Terminology¶

Info

Even though we have very specific concepts in mind when talking about the different tools and their results, we don't (yet) apply this terminology consistently everywhere. We will do so as time permits. In the meantime, please study the concepts presented herein carefully and form your own judgement how they apply elsewhere in the documentation.

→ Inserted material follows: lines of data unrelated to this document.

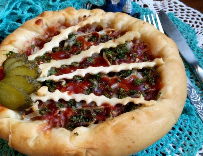 Étape 6 Déplacez la plaque de cuisson avec la préparation de la tarte à la levure avec la viande dans un four chauffé au rouge, où elle est cuite à 190 degrés 45 minutes. Au service, ajoutez une tourte à la viande avec des cornichons et dégustez un goût incroyable.
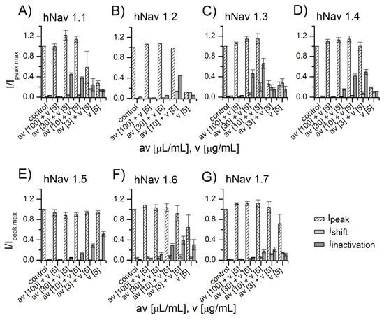 The mixture of 30 µL/mL of antivenom plus venom still showed full protection for the channel sub-types hNav 1.2, hNav 1.5, hNav 1.6, and hNav 1.7, but only partial protection for hNav 1.1, hNav 1.3, and hNav 1.4. The two latter channel sub-types appeared to be most sensitive to the venom. As shown in Figure 2, the antivenom acts in a dose-dependent manner: at lower concentrations (i.e., 10 and 3 µL/mL), the venom effect is still evident—albeit reduced—compared to its effect in the absence of antivenom.
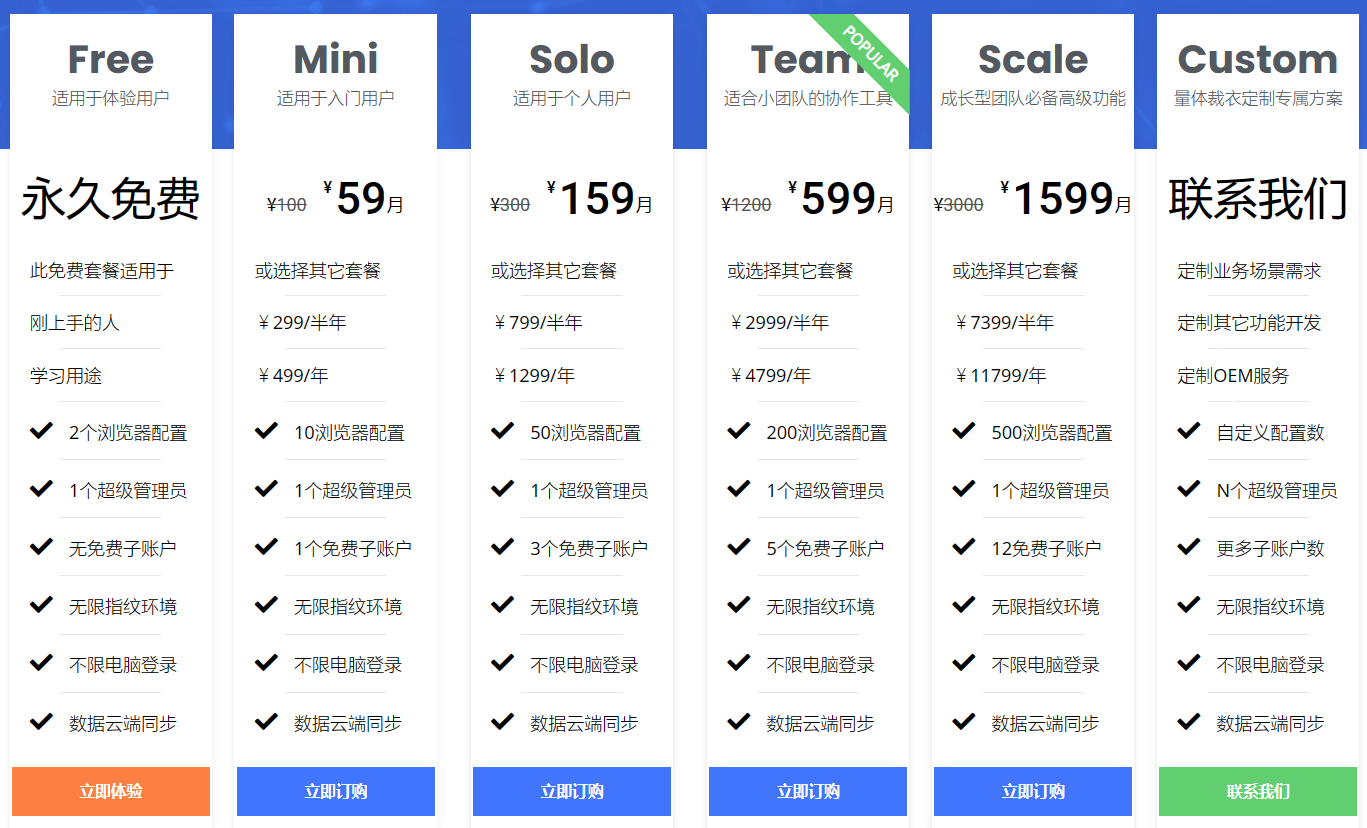 SMLOGIN设置了多档定价,分为免费版、入门版、个人版、团队版、组织版和企业版。
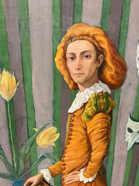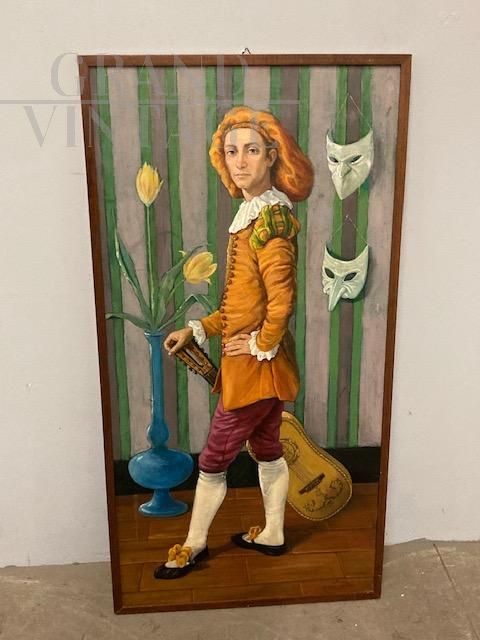 Homage to Watteau - painting with a boy in a medieval costume by L. Palermo, 1981
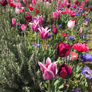 ここはジャクリーンガーデン💗💜 ピンクエリアはその名のとおり、 ピンクのグラデーションです! チューリップやアネモネのまわりには ムスカリや忘れな草がかわいく咲いてます。 そして、その次にラベンダーさんたちが今か今かと待ってます。 まるで、生きてる絵画です💗💜💙 4/8 新港中央広場(赤レンガ倉庫隣接)にて
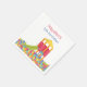 Party supplies paper napkins that are perfect for that birthday party at an indoor playground gym! This colourful paper napkins are in a rainbow colour palette featuring a playground house equipment with a slide and ladder that is situated within a ball pit. Add your birthday party message in the fun fonts!

Our thinking about terminology is strongly influenced by the categorisation proposed by Sun et al. (2021)¹. To summarise: Broadly, we call all of these tools metagenomic profilers. They can be more finely grouped by considering their type of reference database and thus the kind of relative abundance profile produced. Furthermore, the underlying method for sequencing read classification impacts the computational complexity (time and database size/memory) dramatically.

Criteria¶

Type of Abundance/Profiler¶

Our main criteria for categorizing a metagenomic profiler are summarised in the list below, as well as shown in the schema.

Reference database:
- DNA-to-DNA, aka a metagenome library
- DNA-to-AA, aka a genomic library of protein coding sequences (amino-acid)
- DNA-to-marker, aka marker gene, aka gene families selection
Result:
- relative sequence abundance
- relative protein sequence abundance
- relative taxonomic abundance

graph TB

    P(Metagenomic Profiler)
    D(DNA-to-DNA)
    A(DNA-to-AA)
    M(DNA-to-marker)
    S(Sequence Abundance)
    SAA(Protein Sequence Abundance)
    T(Taxonomic Abundance)
    TP(Taxonomic Profiler)
    SP(Sequence Profiler aka Classifier)

    P --> D
    P --> A
    P --> M
    D --> S
    A --> SAA
    M --> T
    S --> SP
    SAA --> SP
    T --> TP

Differences in Abundance¶

A key takeaway from Sun et al. (2021)¹ is also that the different kinds of relative abundances cannot easily be interconverted by, for example, normalizing sequence abundance by genome size. Reasons for this include, in particular for metagenome-assembled genomes (MAGs), inaccurate genome size, unknown polyploidy. Sun et al. (2021)¹ observed that broadly sequence abundance tends to overestimate large genomes and underestimates smaller genomes. Any attempts to perform normalization by, for example, genome size, are just as likely to introduce systematic errors than improve the results. Furthermore, α-diversity measures appear to be statistically significantly affected by the type of relative abundance - higher for taxonomic abundance. The type also affects β-diversity although the effect is harder to quantify.

Classification Method¶

Additionally, we may be interested in the method used to classify sequencing reads.

Method:
- index
- alignment

Categorisation¶

Tool	Reference Database	Result	Method
Bracken	See Kraken2	See Kraken2	Bayesian re-estimation of sequence abundance
Centrifuge	DNA-to-DNA	Sequence abundance (optionally normalized by genome size)	FM index
DIAMOND	DNA-to-AA	Protein sequence abundance
Kaiju	DNA-to-AA	Protein sequence abundance
Kraken2	DNA-to-DNA (DNA-to-AA)	(Protein) sequence abundance	k-mer index
KrakenUniq	DNA-to-DNA	Sequence abundance	see Kraken
MEGAN6/MALT	DNA-to-DNA	Sequence abundance	alignment
MetaPhlAn	DNA-to-marker	Taxonomic abundance	alignment (bowtie2)
mOTUs	DNA-to-marker	Taxonomic abundance	alignment (bowtie2)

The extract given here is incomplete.